The older man leans in, serious and gray-eyed. “There was a man out in these parts riding a two-stroke Jawa. An Englishman. He was looking for you, says you've gone missing. Says he's been searching all over. We saw him by the forest road. He wants to take you to a hospital. He looked like he should've been in the hospital himself, driving around with a broken leg. Hadn't shaved in a while. Said your name is Zoli.”
He slides the bowl of kasha across the table, but she does not touch it.
“I really need to find the box. It has so many precious things inside.”
“He said you were tall, with a lazy eye. He told us you'd be wearing a dark overcoat. That you might have a gold watch. Roll up your sleeve.”
“What?”
“Roll up your fucking sleeve,” says the younger.
He steps across and hikes her coat, wrist to elbow. The knife falls with a clatter to the floor. He stamps on it, picks it up, tests the blade with his thumb, then turns to the older. “I told you.
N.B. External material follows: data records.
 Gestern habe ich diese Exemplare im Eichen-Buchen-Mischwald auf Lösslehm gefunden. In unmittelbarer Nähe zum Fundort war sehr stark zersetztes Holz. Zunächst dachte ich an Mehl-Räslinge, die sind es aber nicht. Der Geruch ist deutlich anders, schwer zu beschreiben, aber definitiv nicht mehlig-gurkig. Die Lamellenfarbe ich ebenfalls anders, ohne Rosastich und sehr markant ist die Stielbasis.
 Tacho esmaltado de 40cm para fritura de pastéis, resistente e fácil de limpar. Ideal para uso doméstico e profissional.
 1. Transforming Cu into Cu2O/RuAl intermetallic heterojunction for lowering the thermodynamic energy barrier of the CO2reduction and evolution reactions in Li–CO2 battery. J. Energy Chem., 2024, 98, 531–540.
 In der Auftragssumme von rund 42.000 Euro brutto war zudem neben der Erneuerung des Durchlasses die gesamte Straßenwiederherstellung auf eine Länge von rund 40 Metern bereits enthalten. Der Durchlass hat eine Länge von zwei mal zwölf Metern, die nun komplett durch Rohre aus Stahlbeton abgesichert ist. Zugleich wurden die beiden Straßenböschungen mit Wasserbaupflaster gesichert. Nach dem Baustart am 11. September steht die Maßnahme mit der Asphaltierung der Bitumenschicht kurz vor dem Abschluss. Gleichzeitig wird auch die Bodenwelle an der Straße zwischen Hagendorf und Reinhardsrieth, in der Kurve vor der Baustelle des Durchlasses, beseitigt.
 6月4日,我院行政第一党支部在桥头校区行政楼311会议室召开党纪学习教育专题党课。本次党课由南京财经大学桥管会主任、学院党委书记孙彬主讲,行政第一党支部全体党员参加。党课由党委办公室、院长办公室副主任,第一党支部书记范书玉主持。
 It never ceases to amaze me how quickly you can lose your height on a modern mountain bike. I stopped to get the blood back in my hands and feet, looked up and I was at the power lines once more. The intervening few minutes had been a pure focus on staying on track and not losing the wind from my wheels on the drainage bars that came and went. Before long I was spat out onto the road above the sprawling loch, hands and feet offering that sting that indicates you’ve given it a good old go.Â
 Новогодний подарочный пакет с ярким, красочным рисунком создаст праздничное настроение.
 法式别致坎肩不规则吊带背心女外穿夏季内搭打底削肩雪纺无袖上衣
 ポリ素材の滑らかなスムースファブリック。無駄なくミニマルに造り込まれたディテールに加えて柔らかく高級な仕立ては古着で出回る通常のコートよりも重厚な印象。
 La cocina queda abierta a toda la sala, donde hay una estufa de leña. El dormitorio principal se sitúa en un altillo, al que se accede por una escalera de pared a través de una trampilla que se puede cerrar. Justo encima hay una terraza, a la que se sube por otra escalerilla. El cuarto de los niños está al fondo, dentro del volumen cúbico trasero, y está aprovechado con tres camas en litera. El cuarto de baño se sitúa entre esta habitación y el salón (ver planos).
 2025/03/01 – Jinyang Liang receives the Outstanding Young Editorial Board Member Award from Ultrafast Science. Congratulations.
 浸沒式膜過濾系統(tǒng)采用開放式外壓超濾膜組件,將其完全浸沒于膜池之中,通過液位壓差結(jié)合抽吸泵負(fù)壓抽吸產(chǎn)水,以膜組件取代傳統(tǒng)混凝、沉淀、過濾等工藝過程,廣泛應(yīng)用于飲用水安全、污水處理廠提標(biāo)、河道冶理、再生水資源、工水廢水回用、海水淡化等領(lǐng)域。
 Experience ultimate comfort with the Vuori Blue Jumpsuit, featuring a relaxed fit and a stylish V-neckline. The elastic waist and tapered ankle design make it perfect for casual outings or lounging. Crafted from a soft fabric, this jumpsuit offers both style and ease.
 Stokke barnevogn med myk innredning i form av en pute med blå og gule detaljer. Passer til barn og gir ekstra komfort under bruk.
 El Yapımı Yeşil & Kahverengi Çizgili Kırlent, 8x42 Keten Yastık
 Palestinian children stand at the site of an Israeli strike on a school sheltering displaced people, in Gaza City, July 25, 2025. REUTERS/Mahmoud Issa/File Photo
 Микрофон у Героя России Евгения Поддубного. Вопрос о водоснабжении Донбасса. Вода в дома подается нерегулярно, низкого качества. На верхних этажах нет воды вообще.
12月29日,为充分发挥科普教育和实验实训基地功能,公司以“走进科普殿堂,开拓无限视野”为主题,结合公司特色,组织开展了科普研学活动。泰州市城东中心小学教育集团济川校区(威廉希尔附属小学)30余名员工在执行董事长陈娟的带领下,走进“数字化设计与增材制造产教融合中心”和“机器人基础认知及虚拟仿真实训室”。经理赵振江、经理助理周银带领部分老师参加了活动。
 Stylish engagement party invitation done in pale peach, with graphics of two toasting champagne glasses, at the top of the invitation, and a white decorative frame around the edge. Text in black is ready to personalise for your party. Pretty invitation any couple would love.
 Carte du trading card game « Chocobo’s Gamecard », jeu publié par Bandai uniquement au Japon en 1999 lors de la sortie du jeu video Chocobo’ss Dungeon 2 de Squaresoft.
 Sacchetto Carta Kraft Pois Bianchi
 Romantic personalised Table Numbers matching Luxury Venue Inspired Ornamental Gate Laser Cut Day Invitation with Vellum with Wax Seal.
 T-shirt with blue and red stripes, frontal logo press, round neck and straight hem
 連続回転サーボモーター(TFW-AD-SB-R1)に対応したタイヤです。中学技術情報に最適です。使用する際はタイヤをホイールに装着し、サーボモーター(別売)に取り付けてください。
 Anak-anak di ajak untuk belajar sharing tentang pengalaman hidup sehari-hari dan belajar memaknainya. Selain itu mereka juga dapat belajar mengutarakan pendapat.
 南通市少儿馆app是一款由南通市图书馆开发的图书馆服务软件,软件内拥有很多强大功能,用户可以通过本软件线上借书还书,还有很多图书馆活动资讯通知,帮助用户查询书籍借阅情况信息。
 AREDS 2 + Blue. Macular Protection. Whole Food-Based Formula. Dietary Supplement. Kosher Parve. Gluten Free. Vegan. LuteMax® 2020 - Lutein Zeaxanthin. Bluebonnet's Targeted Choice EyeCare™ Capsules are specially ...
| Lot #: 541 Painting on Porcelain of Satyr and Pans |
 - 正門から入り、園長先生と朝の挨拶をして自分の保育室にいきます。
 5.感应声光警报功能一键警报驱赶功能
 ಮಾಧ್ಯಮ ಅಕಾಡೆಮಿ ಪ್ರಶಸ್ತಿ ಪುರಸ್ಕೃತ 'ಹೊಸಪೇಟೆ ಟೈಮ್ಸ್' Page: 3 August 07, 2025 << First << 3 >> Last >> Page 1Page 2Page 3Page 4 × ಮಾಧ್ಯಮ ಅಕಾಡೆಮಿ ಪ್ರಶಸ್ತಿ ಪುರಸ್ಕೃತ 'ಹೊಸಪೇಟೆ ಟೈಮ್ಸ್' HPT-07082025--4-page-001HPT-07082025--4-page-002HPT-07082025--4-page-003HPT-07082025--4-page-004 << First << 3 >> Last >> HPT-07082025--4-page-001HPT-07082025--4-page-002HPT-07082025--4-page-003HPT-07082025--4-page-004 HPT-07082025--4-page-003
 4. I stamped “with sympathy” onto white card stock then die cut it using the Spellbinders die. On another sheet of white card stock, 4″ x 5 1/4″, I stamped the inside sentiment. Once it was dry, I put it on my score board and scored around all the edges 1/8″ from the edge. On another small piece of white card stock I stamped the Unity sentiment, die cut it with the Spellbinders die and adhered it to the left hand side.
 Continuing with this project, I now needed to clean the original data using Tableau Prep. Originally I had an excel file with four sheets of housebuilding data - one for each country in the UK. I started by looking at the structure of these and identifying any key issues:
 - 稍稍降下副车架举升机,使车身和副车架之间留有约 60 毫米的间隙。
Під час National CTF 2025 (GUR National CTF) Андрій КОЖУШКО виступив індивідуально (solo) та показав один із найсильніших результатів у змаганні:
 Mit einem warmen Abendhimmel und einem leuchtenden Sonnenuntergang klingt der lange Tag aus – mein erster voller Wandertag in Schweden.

Last night. I fucking told you.”
The older leans in further to Zoli: “Do you know him?”
“Know who?”
“Don't play us for fools.”
“I know nothing about a watch,” says Zoli.
“He said it was his father's. A precious timepiece.”
“I don't know what you're talking about.”
“He asked for petrol for his motorbike. He didn't seem much of a threat. He spoke a funny Slovak. He tried to tell me he grew up here, but I know better. Is it true, then, what he says? How did you get a man's name?”
Zoli watches as the younger one cuts the hairs on his arm with the knife, whistling at the sharpness of the blade. The older takes off his cap, something soft and compassionate in the lift. His graying hair, a little damp, lies pressed against his scalp. When he leans forward she notices a small scapular swinging at his neck.
“It was given to me by my grandfather,” she says finally. “It was the name of his own father.”
“So you're a real Gypsy then?”
“You're a real woodsman?”
The older laughs and drums his fingers on the table: “What do I say? We're paid by the cubic meter.”